When equated on total rollout budget, TRACE scales more efficiently than both general-purpose RL and prompt-optimization baselines (GEPA), showing monotonic improvement with further training while others plateau or even degrade with increased optimization.
Figure 3: TRACE shows monotonic gains with additional capabilities, whereas prompt optimization (GEPA) saturates after four.
Analysis of Capability Distribution and Scaling
Contrastive analysis across 10 independent runs demonstrates that most environment failures are concentrated in a small, stable core of capabilities—chiefly "structured data reasoning," "multi-step completion," and "precondition verification." Together, these account for the majority of agent failures, supporting the claim that a narrow set of deficits drive most performance shortfall in structured agentic environments.
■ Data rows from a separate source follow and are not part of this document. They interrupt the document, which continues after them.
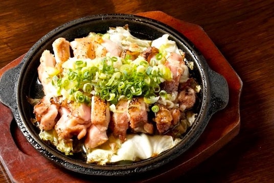 あつあつの鉄板にのったボリューム満点の「葱塩チキングリル」 768円
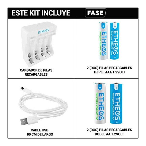 Este producto es perfecto para quienes buscan reducir el consumo de pilas desechables y contribuir al cuidado del medio ambiente. Ideal para dispositivos que requieren pilas, como controles remotos, juguetes y dispositivos electrónicos portátiles. Con el cargador Etheos, disfrutarás de una experiencia de carga eficiente y sostenible.
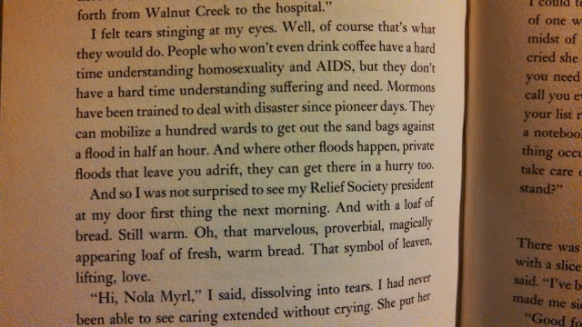 There are too many favorite passages, but this passage, describing her church congregation’s compassionate response to her husband’s illness from AIDS in the early 80s touched me the most.
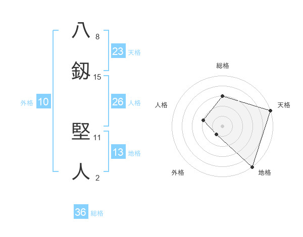 八釼 堅人さんの天格は23画の5点!
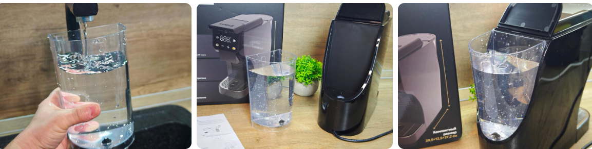 Что касается ёмкости, которая предназначена для залива чистой питьевой воды, то заявлен материал тритан — прозрачный и прочный пищевой пластик. Конструкция резервуара дает возможность добавлять воду внутрь без снятия резервуара. Но и снять полностью резервуар с корпуса не составляет труда.
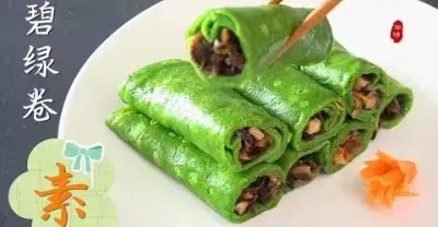 『Eng Sub』【碧綠卷】軟糯順滑 鮮甜素餡 吃一口忘不了Buddah green veggie rolls【田園時光美食 2019 020】

(Figure 2, again, emphasizes this stability and concentration.)
Further, performance scales efficiently as more adapters (up to 4) are added, with little marginal return beyond the principal deficits, quantifying the benefit of targeted intervention over blanket data scaling.
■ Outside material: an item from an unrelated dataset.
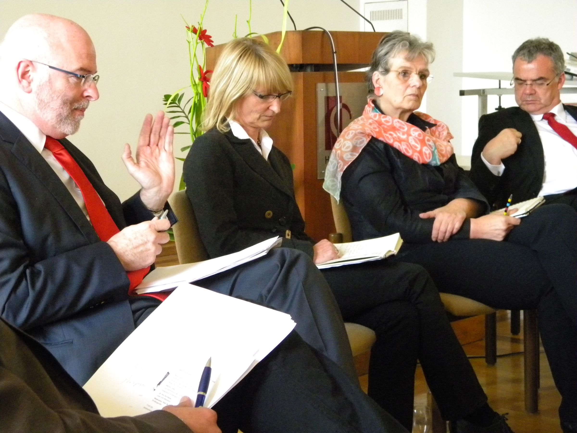 Alphabetisierung und Grundbildung waren auch Thema einer abschließenden Podiumsdiskussion mit Dr. Jörg Schmidt (Ministerialdirektor im baden-württembergischen Ministerium für Kultus, Jugend und Sport), Marianne Demmer (frühere stellvertretende GEW-Vorsitzende), Rainer Stolz (Bürgermeister der Stadt Stockach und stellvertretender Präsident des Städtetags Baden-Württemberg), Marlies Lipka (Geschäftsführerin des Fachverbands integrative Lerntherapie e.V.) und Dr. Jens Korfkamp (Leiter der VHS Rheinberg). „Wir dürfen kein Kind verlieren“, betonte Dr. Jörg Schmidt. Die Landesregierung habe sich dem Thema Alphabetisierung verstärkt angenommen und setze dabei auf Individualförderung, beispielsweise in Form von Sprachförderung im Kindergarten. Kinder mit Migrationshintergrund seien ein großes Thema, so Schmidt weiter. Auch Berufsschulen sollten durch Fördermaßnahmen erreicht werden. Wichtig sei vor allem, dass ein Förderbedarf frühzeitig erkannt werde, sagte Marianne Demmer. Nicht nur die Eltern, auch die Schulen seien hier in der Pflicht. Und für eine gezielte Förderung sollten Experten eingesetzt werden, betonte sie. „Alle Kinder profitieren davon, wenn erfahrene Therapeuten in die Schulen kommen“, sagte Marlies Lipka. Viele Eltern könnten sich eine Individualförderung nicht leisten und die eigentlichen Lehrer seien mit der Lernförderung einzelner Kinder vielfach überfordert. Für eine erfolgreiche integrative Lerntherapie seien Experten erforderlich, betonte auch sie. Die Kommunen investierten sehr viel in die Bildung und Betreuung von Kindern und Jugendlichen. „Wir setzen dabei nicht nur auf Quantität, sondern vor allem auf Qualität“, betonte Bürgermeister Rainer Stolz. Immer wieder aber gerieten Kommunen dabei an ihre finanziellen Grenzen. „Die Ausgaben in diesem Bereich sind explodiert“, so Stolz. Das Problem einer mangelnden allgemeinen Grundbildung sei von allen erkannt, aber es fehle an tragenden Konzepten und sinnvollen Strategien, kritisierte Dr. Jens Korfkamp. „Sie haben in Baden-Württemberg mit dem Masterstudiengang Alphabetisierung einen Diamanten“, betonte er. Nur durch eine Institutionalisierung dieser Experten bringe man ihn aber zum Leuchten. Auch Professorin Löffler appellierte an die Politik, Stellen für die Alphabetisierungs-Experten zu schaffen und diese in die Schulen hineinzunehmen, statt vorhandene Mittel in zu viele Projektförderungen zu investieren. Handlungsbedarf seitens der Politik mahnte PH-Rektor Professor Dr. Werner Knapp an. Man müsse dringend überlegen, in welche Richtung die Förderung gehen solle und wie man die vorhandenen Mittel für eine qualifizierte Förderung einsetzen könne. Die an der PH ausgebildeten Experten dürften nicht verlorengehen.

Adapter Consolidation vs. Routing
Empirically, attempts to consolidate all capability-specific adapters into a single model—whether via task-vector merging (CORE-TSV), multi-task RL, on-policy distillation, or SFT on the union of synthetic traces—result in either sub-optimal outcomes or even regression compared to individual adapters. Only TRACE's LoRA-per-capability plus classifier routing strategy preserves the full performance gains, supporting a modular, non-interfering composition paradigm.
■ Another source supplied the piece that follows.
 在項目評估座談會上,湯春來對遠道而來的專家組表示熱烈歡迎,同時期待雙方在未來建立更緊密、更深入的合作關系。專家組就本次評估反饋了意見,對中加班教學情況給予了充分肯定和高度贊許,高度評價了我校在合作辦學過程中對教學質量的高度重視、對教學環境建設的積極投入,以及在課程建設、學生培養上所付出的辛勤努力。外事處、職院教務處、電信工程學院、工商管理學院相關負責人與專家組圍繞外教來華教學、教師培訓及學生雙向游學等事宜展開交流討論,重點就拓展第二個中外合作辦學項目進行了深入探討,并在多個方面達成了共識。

Theoretical and Practical Implications
TRACE introduces a modular framework for the diagnosis and elimination of model-specific capability bottlenecks, uniquely coupling automatic contrastive analysis and programmatic environment synthesis. The empirical findings refute the default premise that blanket data scaling or direct RL suffices in complex multi-capability domains: explicit, capability-targeted environments and modular agent update yield superior and more sample-efficient generalization.
From a practical standpoint, TRACE enables self-improving agents to rapidly adapt to any new environment by autonomously discovering, targeting, and correcting their weakest links. This approach is immediately applicable to scalable agent deployment in code editing, workflow automation, and device control. The modular adapter composition admits straightforward extension via MoE-style routing architectures (Dou et al., 2023, Wu et al., 2024), supporting continuous accumulation of skills and lifelong learning under bounded compute.
Future Research Directions
Several avenues arise: tighter integration with MoE or dynamic router architectures for overlapping skills, more sophisticated skill discovery/abstraction pipelines, hierarchical capability modeling, and automated curriculum generation for adaptive agent development. Combining TRACE with cross-environment transfer can further accelerate agent mastery in broad, heterogeneous LLM agent deployment scenarios.
Conclusion
TRACE operationalizes a modular, end-to-end framework for automated, environment-specific LLM agent improvement. By precisely diagnosing missing capabilities from trajectory data, synthesizing dense-signal, verifiable RL environments, and incrementally acquiring skills via scalable LoRA adapters with inference-time routing, TRACE demonstrably surpasses existing RL, data scaling, and prompt-based approaches in efficiency and final performance. This methodology sets a paradigm for targeted, self-improving foundation agent training in complex multi-capability domains.